Ein neues Projekt hat sich zum Ziel gesetzt, von theoretischen Ansätzen hin zu praxisnahen Cloud-Computing-, Machine-Learning- und BigData-Umsetzungen zu kommen.
Ein neues Projekt hat sich zum Ziel gesetzt, von theoretischen Ansätzen hin zu praxisnahen Cloud-Computing-, Machine-Learning- und BigData-Umsetzungen zu kommen.
(Bild: gemeinfrei© Tama66 / Pixabay )

Projektstandort ist das Technologiezentrum der Wichelhaus Gruppe in Solingen. Die dort installierte Testanlage ist der Dreh- und Angelpunkt des Projekts. Die Anlage ist für den Dauerbetrieb ausgelegt und somit in der Lage, permanent Daten zu generieren. Der Aufbau ist gemäß heutigen, modernen Anlagenkonzepten modular, einzelne Stationen sind austauschbar. Auf Basis dieser Maschine wird eine Datenhistorie innerhalb der Bimanu- Cloud-Plattform geschaffen, die für die weitere Umsetzung elementar ist.

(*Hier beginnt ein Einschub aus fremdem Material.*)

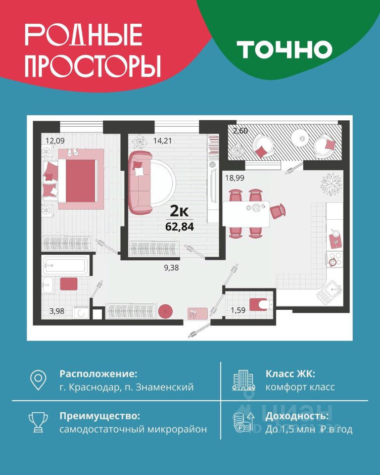 Общая площадь62,84 м2
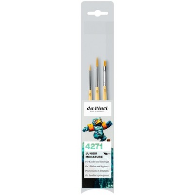 da Vinci JUNIOR Synthetics Miniature Brushes, Synthetic, Acrylic & Tempera, Assorted, 3 Brush Set

Die Datenintegrationsplattform wurde um diverse Funktionalitäten des Machine Learnings erweitert, wodurch weitreichende Potenziale durch (Re-)Kombination von Daten und Lösungen schnell erschlossen werden. Da die zugrundeliegenden Technologien cloud-basiert sind, bringen sie entsprechende Skalierbarkeit mit, wodurch dank des reinen „As-a-Service“-Modells eine einfache Anwendung ermöglicht wird.

Testanlage für Anwendungsfälle

Im ersten Schritt des Projekts erfolgt die klare Erarbeitung des Anwendungsfalls. Dazu kommt eine Testanlage zum Einsatz, um die erforderliche Datenhistorie aufzubauen. Im Prozessablauf der Anlage können z.B. folgende Simulationen für die Vorbereitung der Machine Learning Modelle realisiert werden: Druckluftverlust, Spindeltemperatur, Stromverbraucherhöhung und Sensorausfall

Die Maschine wird mit verschiedenen Sensoren bestückt, die jeweils unterschiedliche Messwerte aufzeichnen, u.a. Schwingungen, Temperatur, und Druck. Zusätzlich sorgt die IoT Connect Box, eine mobile Datenerfassung für die Erfassung von weiteren Sensorwerten für eine realistische Abbildung der Produktion. Produzierende Unternehmen werden neben modernen Anlagen auch ältere Anlagen im Bestand haben. Diese können mithilfe des IoT-Retrofit (Einsatz der IoT Connect Box) ebenfalls abgebildet werden, was insgesamt zu besseren Ergebnissen bei der Anwendung von Machine Learning führt.

Schablonenansätze sollen untersucht werden

Neben der operativen Zustandsüberwachung und der regelmäßigen und permanenten Erfassung der Maschinendaten, die als Voraussetzung für den Aufbau einer Datenhistorie dienen, sollen in dem Projekt mögliche Schablonenansätze untersucht werden, wie eine vorausschauende Wartung mithilfe von Machine-Learning-Algorithmen auf Basis der erhobenen Sensordaten innerhalb der Cloud-Plattform erfolgen kann. Auch die Einbindung von offenen Daten wie Wetterinformationen spielt eine große Rolle, um mögliche negative Einflussfaktoren zu identifizieren, bevor es zu einer möglichen Ausfallzeit der Maschine kommt.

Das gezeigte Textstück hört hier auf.